Un film molto personale con una grande complessità di temi. Come ha costruito il dialogo con suo padre assente, morto dieci anni fa?

L’ho affrontato senza capire e senza razionalizzare. Tutto ciò che vedete è stato girato senza pensare che fosse un film su mio padre. Ho vissuto, pensato e sognato in quei giorni, ma solo dopo, quando sono tornato a Roma, ho iniziato a capire cosa era successo e ho iniziato ad aprire i cassetti. Mio padre aveva affidato i Super8 a un cugino di mia madre, poi ho trovato delle vecchie lettere che io gli avevo scritto a cui non aveva dato risposta ma che conservava gelosamente e delle foto. Tra questa le due foto di me bambino in braccio a lui allo specchio, una la conoscevo, quella in cui i nostri volti si vedono entrambi, l’altra no…

Quanto è stato importante il lockdown per consentirle di avviare questo dialogo immaginario?

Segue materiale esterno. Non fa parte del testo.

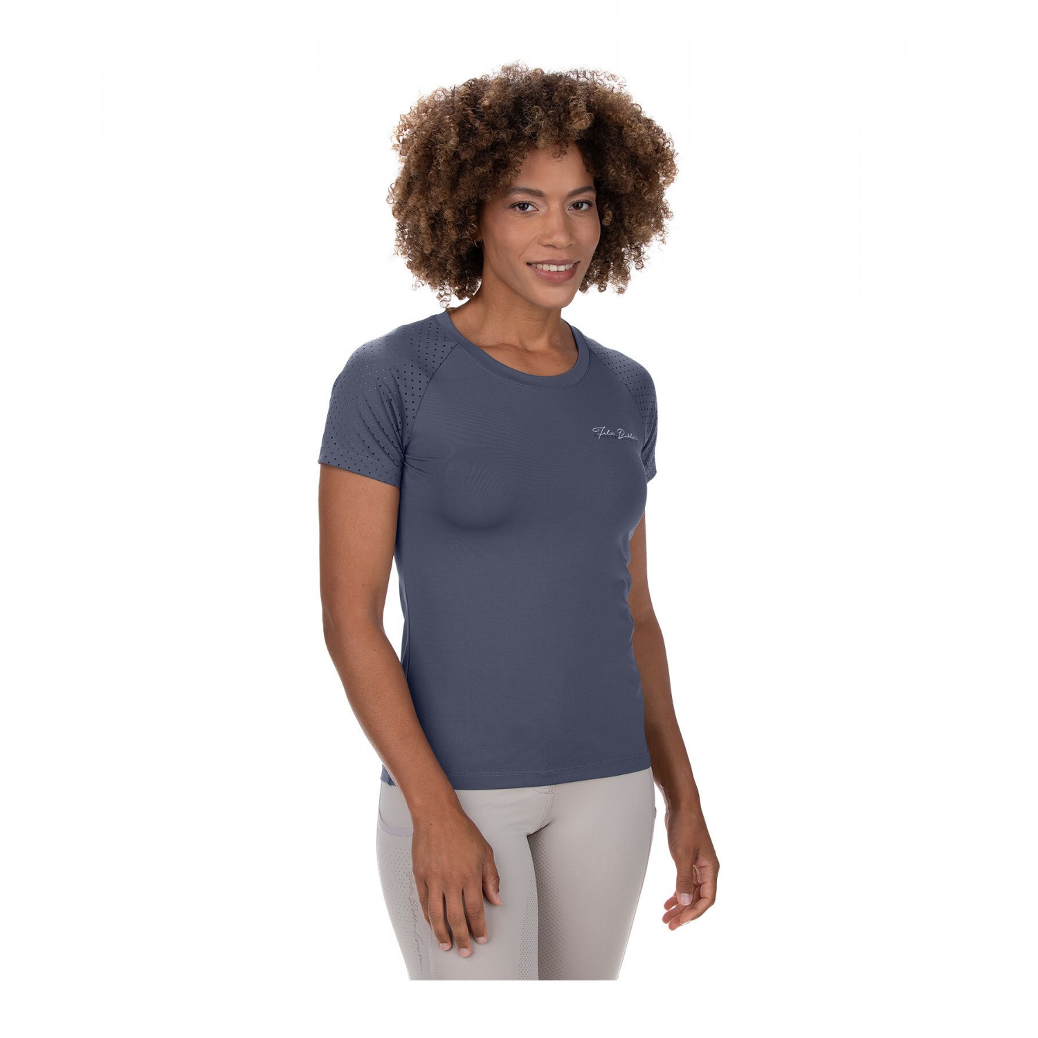 Дышащая и быстросохнущая футболка с круглым вырезом. Короткие рукава реглан обеспечивают оптимальную вентиляцию благодаря лазерной перфорации. 88% полиэстер, 12% эластан.

Tutto ciò non sarebbe mai successo se non fosse arrivata questa condizione impensabile, un silenzio che racconta tante cose, il vuoto da cui sgorga il rapporto con i vuoti e i silenzi di papà. Se non fossi stato a Venezia in quei giorni, non avrei mai iniziato questo viaggio. È questo insondabile rapporto col destino di cui parla Camus, scrittore che mio padre amava. A volte ci sono cose che sembrano scritte per te. Non avevo mai deciso di vivere a Venezia, avevo un rapporto conflittuale con una città dove fai fatica a muoverti.

È andato a Venezia per altri progetti.

Dovevo stare lì dal 20 febbraio al 20 marzo. Lavoravo a un progetto con il Teatro Stabile del Veneto, la mia prima regia teatrale con Andrea Pennacchi, un’opera sperimentale in dialogo con il cinema sul rapporto tra Venezia e l’acqua, che andrà in scena a marzo 2021. Il secondo progetto è un lungometraggio prodotto da Iole e Rai Cinema che dovrebbe andare sul set a ottobre e che racconta la storia di tre fratelli pescatori della Giudecca che devono decidere cosa fare della loro casa, se affidarla al turismo o no. 

Infatti Molecole racconta anche l’impatto ambientale del turismo su una città come Venezia e sui suoi abitanti.

Questa urgenza non è solo di Venezia, il turismo di massa ha un grave impatto ambientale e antropologico sulle nostre vite ovunque. Ritengo che il turismo e lo svuotamento dei centri storici resi fruibili per i turisti sia un grave problema. Fin qua abbiamo solo pensato a far girare l’industria, ma come è come negli anni ’50 per il petrolchimico: qualcosa che porta lavoro a un prezzo molto elevato. È vero che fermare il turismo vuol dire perdere posti di lavoro, perché a Venezia ci sono 40mila addetti. Ma su questo la città, che il 20 settembre deve eleggere il nuovo sindaco, si interroga da alcuni anni, ci sono movimenti civici. Bisogna prendere decisioni strutturali. Sono in ballo interventi economici molto grandi. A Venezia ci sono ogni giorno 120mila persone, di questi solo 40mila sono residenti.

A proposito di sostenibilità, durante il lockdown sembrava che avessimo imparato a rallentare i ritmi di una civiltà basata sul consumo incessante e il mancato rispetto delle risorse del pianeta. Ma ora tutto sta ripartendo come prima con scarsa consapevolezza ambientale.

Uno dei guai dell’umanità è che dalle tragedie sembra si debba imparare tantissimo, ma poi si ricomincia a fare gli stessi errori di prima. Però nascono anche degli anticorpi che man mano ci proteggono. Il nazionalismo, il razzismo, i totalitarismi del Novecento non sono scomparsi, perché in maniera carsica ritornano, però abbiamo sviluppato appunto degli anticorpi. Spero che questo anno così potente con l’evidenza dell’impatto dell’uomo sulla natura e sugli altri uomini ci aiuti a sviluppare anticorpi capaci di dire che non torniamo a pompare come prima. Il piccolo contributo del cinema è sedimentare la memoria per dare un senso a ciò che abbiamo vissuto. La vita quotidiana ci offre un rapporto sbrigativo con la memoria. In questa velocità di vita e produzione di immagini il cinema può fermare la corsa per permetterci di capire.

Cosa significa per lei aprire il festival?

Sono felicissimo che il festival ci sia e che dica al mondo che il cinema appartiene alle sale. Non dobbiamo accontentarci di vedere i film a casa da soli. La sala ha un valore artistico e sociale, che permette al cinema di avere una funzione non solo individuale. Questo è un nuovo inizio. Dobbiamo ripartire senza dimenticare ciò che è successo e ciò che è stato.